Download (right-click, save target as ...) this page as a jupyterlab notebook from: Lab12


Laboratory 12: Practice with Pandas

LAST NAME, FIRST NAME

R00000000

ENGR 1330 Laboratory 12 - In-Lab

Exercise 1

Profile your computer

Run the script below exactly as written

In [6]:
import sys
! hostname
! whoami
print(sys.executable)
atomickitty
sensei
/opt/jupyterhub/bin/python3

Example

Population Lines

Use pandas to read a dataframe from the file http://54.243.252.9/engr-1330-webroot/4-Databases/census_18.csv.
Then produce a line plot of the counts by age for the 2010 census, x-axis will be the series age, y-axis will be the census values for 2010.

In [12]:
# get the file (using requests, or just download to your computer by hand)
import requests # Module to process http/https requests
#
remote_url="http://54.243.252.9/engr-1330-webroot/4-Databases/census_18.csv"  # set the url
rget = requests.get(remote_url, allow_redirects=True)  # get the remote resource, follow imbedded links
#
junk = open('census_18.csv','wb').write(rget.content) # extract from the remote the contents, assign to a local file same name
In [13]:
# read the file into a dataframe
import pandas as pd
df = pd.read_csv('census_18.csv')
df.head() # Examine dataframe layout
Out[13]:
AGE 2010 2014
0 0 3951330 3949775
1 1 3957888 3949776
2 2 4090862 3959664
3 3 4111920 4007079
4 4 4077551 4005716
In [14]:
# plotting 
df.plot.line(x="AGE", y="2010", label="duh", c="blue")# Make a plot fill in the parameters
Out[14]:
<AxesSubplot:xlabel='AGE'>

Exercise 2:

Using your dataframe from above, plot both the 2010 and 2014 census values by age.
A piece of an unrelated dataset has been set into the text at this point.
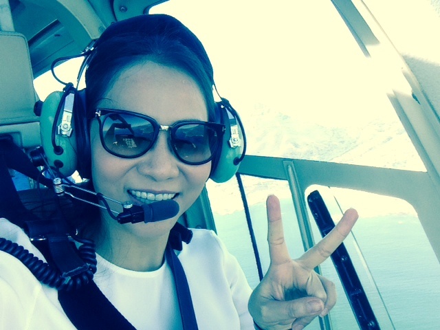 Thu Minh và chồng đã được mời lên máy bay trực thăng để ngắm nhìn quang cảnh Cape Town từ trên không với núi non hùng vĩ và cảnh thiên nhiên choáng ngợp.

Plot the 2010 distribution in blue and the 2014 distribution in red.

In [ ]:
ax = df.plot.line(x="", y="", label="", c="blue") # fill in the parameters
df.plot.line(x="", y="", label="", c="red", ax=ax)

Exercise 3.

  1. What is population for age = 9 for the 2010 census?
  2. What is population for age = 9 for the 2014 census?
  3. Is the portion of population over 9 years old increasing? decreasing? staying the same?
In [ ]:
# your code here

Bonus

Put the new histogram and the previous one next to each other and explain what you can infer by comparing them.